Potatoes Category
America's most popular vegetable, potatoes can be boiled, baked, fried, microwaved, steamed, or roasted, with or without their peels. They're often paired with butter, sour cream, or oil, but left to themselves they're quite low in calories and loaded with nutrients.
Store them in a cool, dark, dry, well-ventilated place. Don't refrigerate them--doing so converts some of the potato's starch to sugar. And don't expose them to direct sunlight, which turns them green and makes them bitter.
Scrape away any sprouts or green spots, since they might contain a mildly toxic compound called solanine.

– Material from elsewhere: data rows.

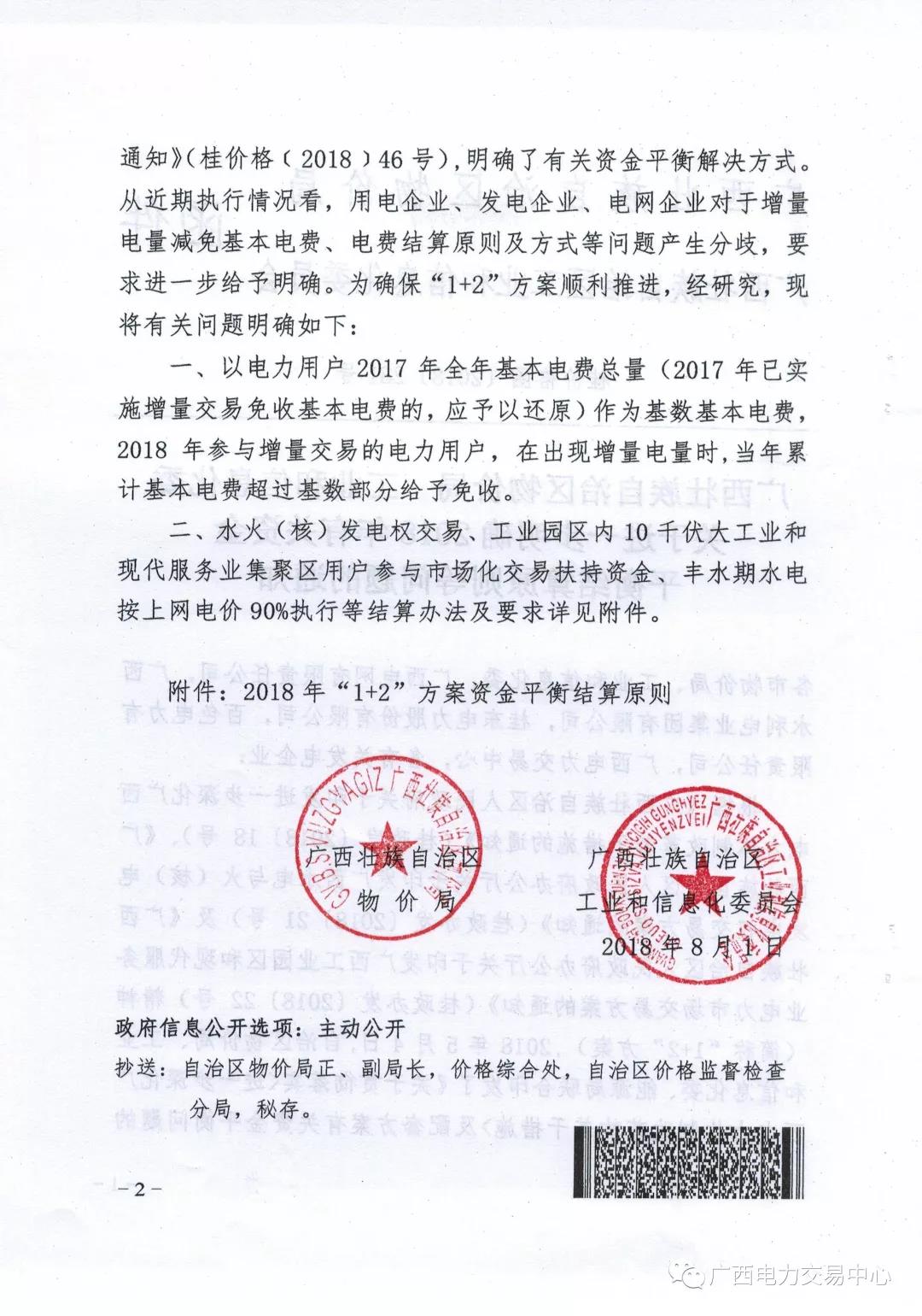廣西壯族自治區(qū)物價(jià)局、廣西壯族自治區(qū)工業(yè)和信息化委員會(huì)日前聯(lián)合發(fā)布了《廣西壯族自治區(qū)物價(jià)局 工業(yè)和信息化委關(guān)于關(guān)于進(jìn)一步明確2018年有關(guān)資金平衡結(jié)算原則等問題的通知(桂價(jià)格〔2018〕281號(hào))》,根據(jù)《廣西壯族自治區(qū)人民政府關(guān)于印發(fā)進(jìn)一步深化廣西電力體制改革若干措施的通知)(掛政發(fā)(2018)18號(hào))。廣西壯族自治區(qū)人民政府辦公廳關(guān)于印發(fā)廣西水電與火(核發(fā)電權(quán)交易方案的通知》(桂政辦發(fā)(2018)21號(hào))及《廣西壯族自治區(qū)人民政府辦公廳關(guān)于印發(fā)廣西工業(yè)園區(qū)和現(xiàn)代服務(wù)業(yè)電力市場交易方案的通知》(桂政辦發(fā)(2018)22號(hào))精神(簡稱“1+2”方案),2018年5月4日,自治區(qū)物價(jià)局、工業(yè)和信息化委、能源局聯(lián)合印發(fā)了《關(guān)于貫徹落實(shí)<進(jìn)一步深化廣西電力體制改革的若干措施》及配套方案有關(guān)資金平衡問題的通知》(桂價(jià)格(2018)46號(hào)),明確了有關(guān)資金平衡解決方式。從近期執(zhí)行情況看,用電企業(yè)、發(fā)電企業(yè)、電網(wǎng)企業(yè)對(duì)于增量電量減免基本電費(fèi)、電費(fèi)結(jié)算原則及方式等問題產(chǎn)生分歧,要求進(jìn)一步給予明確。為確保“1+2”方案順利推進(jìn),經(jīng)研究,現(xiàn)將有關(guān)問題明確如下:
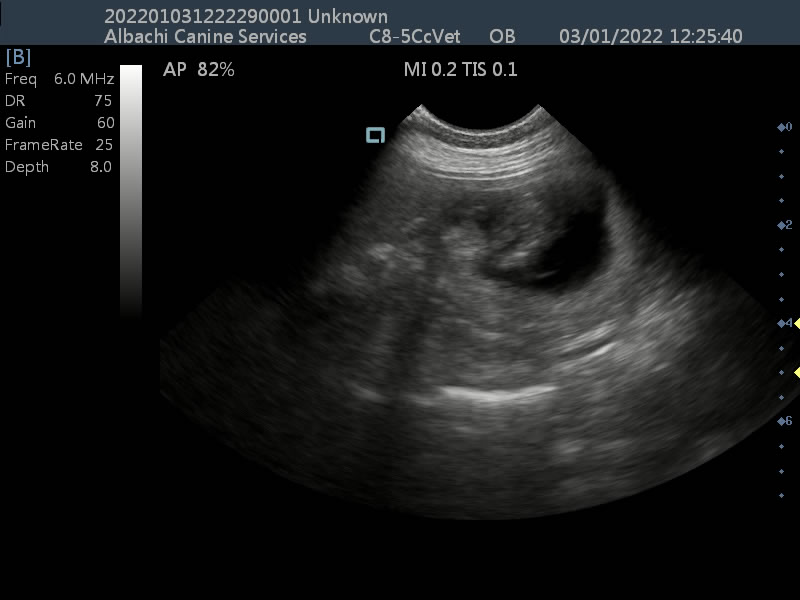 Second scan of this bitch to check development and to get some pictures and videos for the owner. Lovely scan with lots of activity and movement detected.
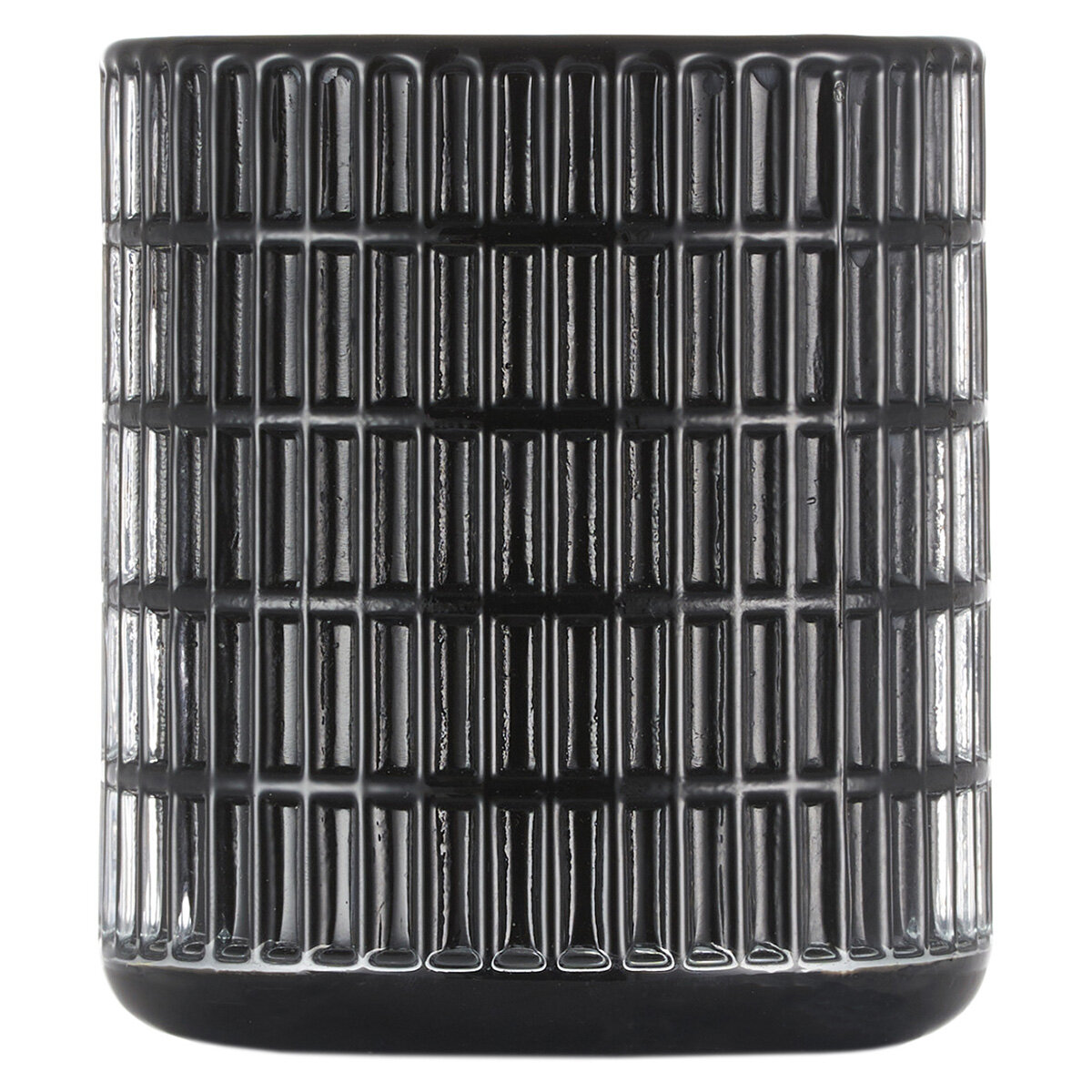 Свеча оформлена в декоративном стеклянном стакане-подсвечнике с рифленой поверхностью черного цвета. Глядя на горящую свечу в таком подсвечнике, создается эффект сверкающего драгоценного камня.

For substitutions for potatoes in general, click here.
Varieties:
Potatoes with a high starch content, like russets, bake well and yield light and fluffy mashed potatoes. Those with a low starch content, like red-skinned potatoes, hold their shape after cooking, and are great for making potato salads and scalloped potatoes. Medium starch potatoes are called all-purpose potatoes, and they'll work in most potato dishes.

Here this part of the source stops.